Moreover, there are reports that in the current situation Abe wants to play less the role of messenger than mediator, which makes sense from the point of view of his nationalist agenda.

Abe could further note that Japan and Iran (Persia) have had a trading relationship (since at least the eighth century CE, actually); have until recently enjoyed scholarly exchanges (such as Japanese archeologists’ work with their Iranian counterparts in exploring likely ancient Buddhist sites); and share a history of avoiding western colonization. Both cultures value etiquette, patience, calm and reason.
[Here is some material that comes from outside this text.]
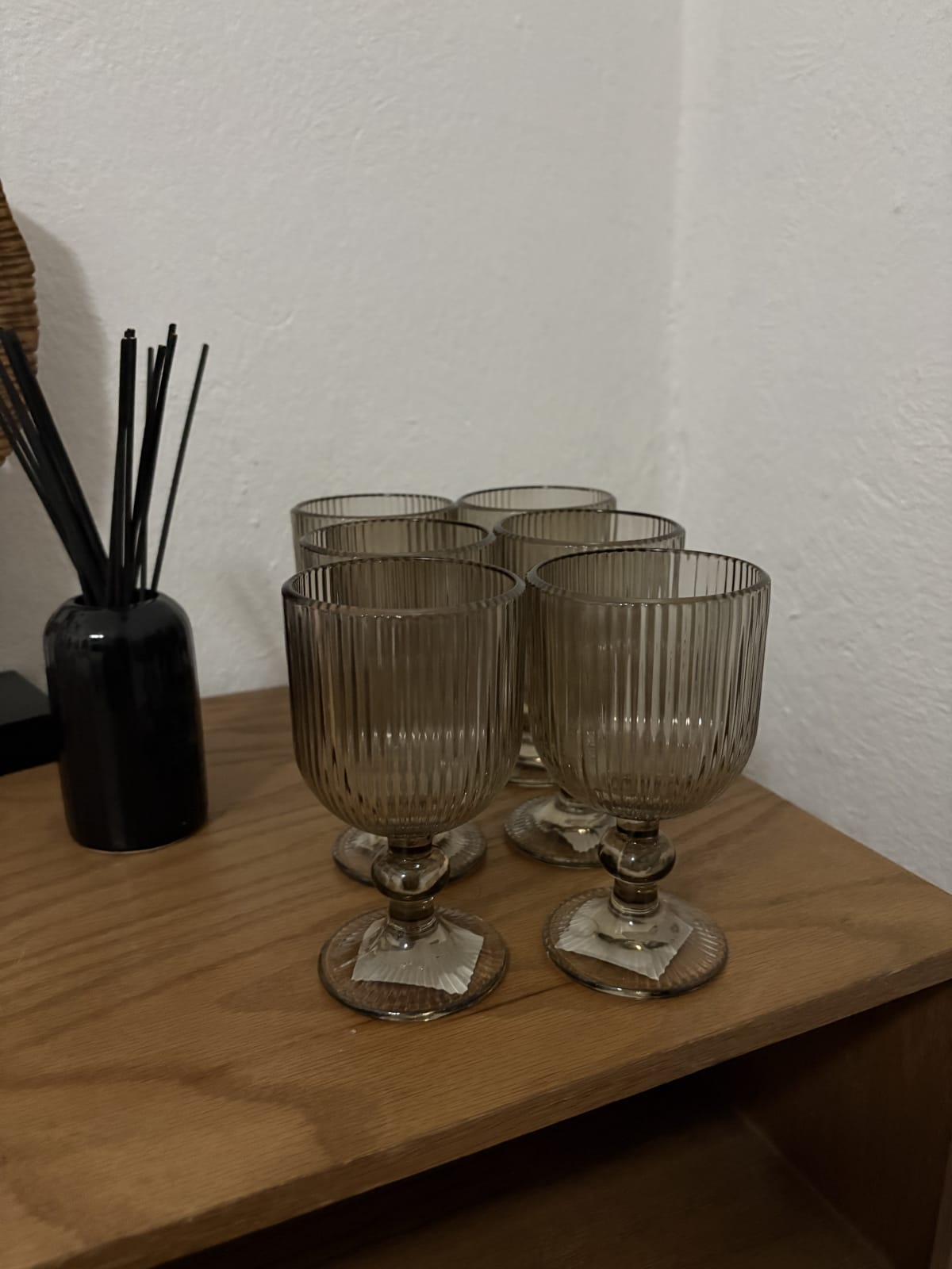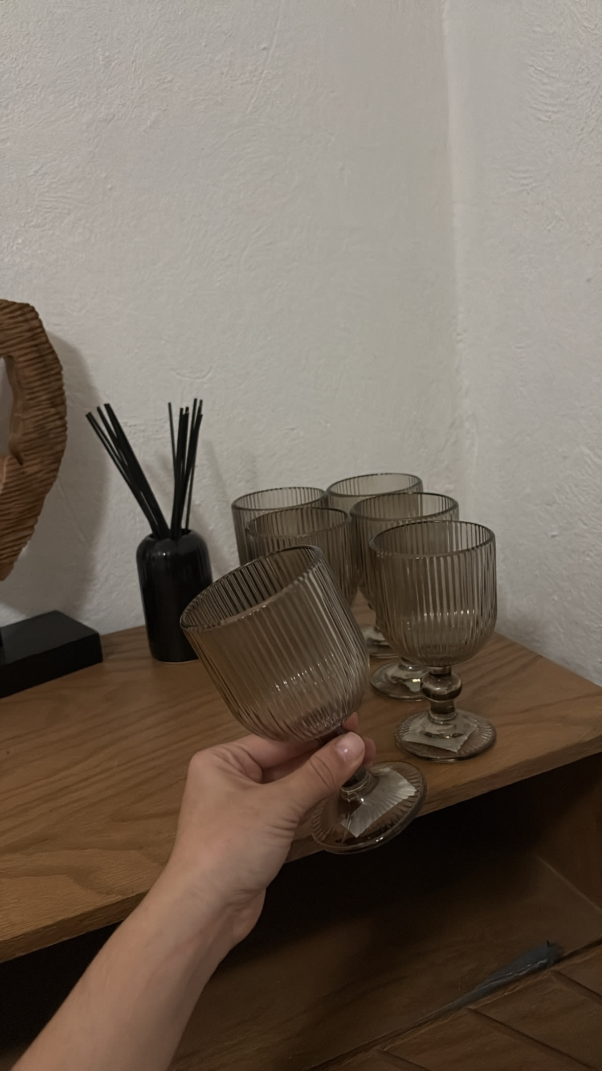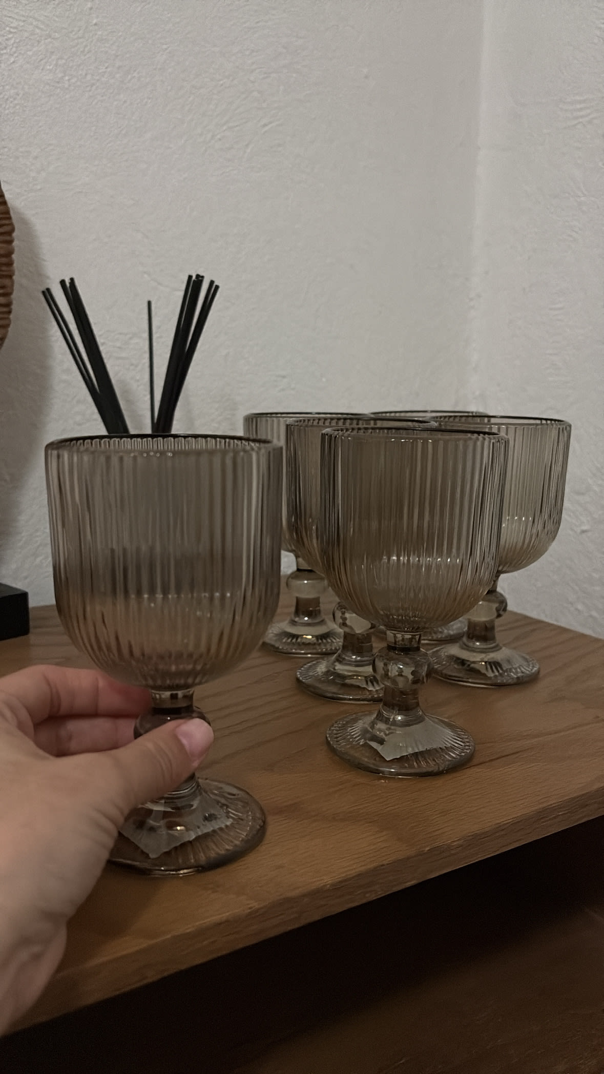 Este set incluye 6 copas de vidrio ahumado con diseño estriado, perfectas para cualquier ocasión.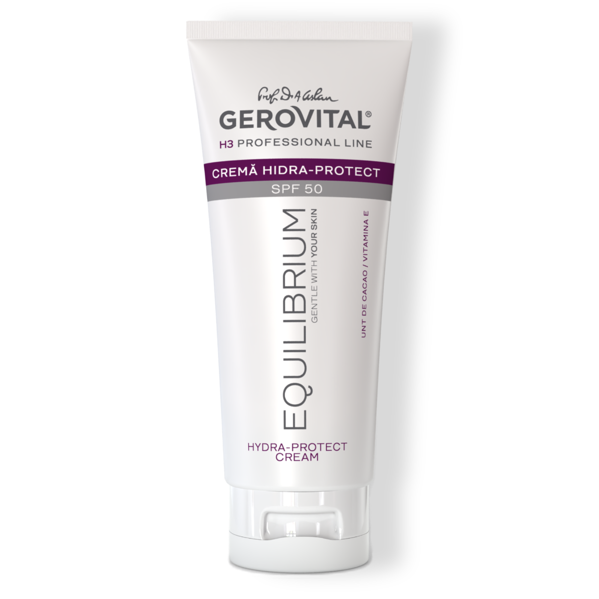 Gerovital® H3 Prof. Dr. Ana Aslan Equilibrium Cremă Hidra-Protect are o formulare uşoară de cremă gel, o textură hidratantă, fără efect gras, fără ulei mineral, cu emulgator natural ecocertificat, fără parabeni. Având un factor de protecţie ridicat şi principii active care îi conferă o bună toleranţă pe piele (Uleiul de Rodie, Untul de Cacao, Vitamina E) constituie un excelent mijloc de protecţie a tenurilor sensibile împotriva îmbătrânirii premature produse de radiaţiile solare şi poate fi folosită cu succes pentru prevenţ...

Abe and Rouhani no doubt share a common contempt for Trump as an ignorant, rude, unpredictable, dangerous, posturing buffoon. This would be how most world leaders see him. But they also no doubt grasp that his vanity can be used to defuse him. So Abe will say, as friend to friend, why not call him? Say that you are contacting him in response to his public invitation and whatever private communications there have surely been, because you have made statements that suggest you want to ease the “tensions” the U.S. claims have gotten higher recently. These statements include a perhaps facetious statement that you, Rouhani, are a “lovely man;” that he is not calling for regime change in Iran; that he wants to make a deal with the present government; even that he wants Iran to thrive under the present regime. All he wants, he insists, is that Iran not get nuclear weapons.

Call him and call his bluff. Remind him that the Iran Deal virtually prevents Iran from getting nuclear weapons any time soon, and that the IAEA knows that, and the UN knows that, and the signatory nations except for Trump’s know that. Offer him even more iron clad assurances; he won’t know what you’re talking about. Dangle before him the prospect of the Nobel Peace Prize. Let him announce that trust has been achieved and the U.S. now looks forward to investing in Iran, which like North Korea, has awesome prospects.

The current head of the IAEA happens to be a Japanese flunky of the U.S.  (He was elected in July 2009 to succeed the Egyptian, Mohammad ElBaradei, a Nobel Peace Prize laureate in part due to his refusal to bow to U.S. disinformation about Iran’s nuclear program provided by the likes of Bolton. There were six rounds of voting, the U.S. each time opposing the favored South African candidate. Amano was more suitable because a diplomatic cable released by the invaluable Wikileaks indicated that Amano “was solidly in the U.S. court on every key strategic decision, from high-level personnel appointments to the handling of Iran’s alleged nuclear weapons program.”)

The other day as he opened a meeting of the IAEA’s board of governors, Amano stated blandly, “I… hope that ways can be found to reduce current tensions through dialogue.”  In other words, he faults both sides for such “tensions” and is probably saying: “Meet with Trump, President Rouhani, to reduce these tensions!” May the Iranians respond to Trump’s clueless provocations with a mix of calculated taqiyya and principled insistence on established international law, putting the bullying Wizard of Oz in his place, daring him to please Natanyahu, Jared and MbS by provoking war. And may Trump back down, agreeing on some formula allowing him to claim some victory that had eluded Obama.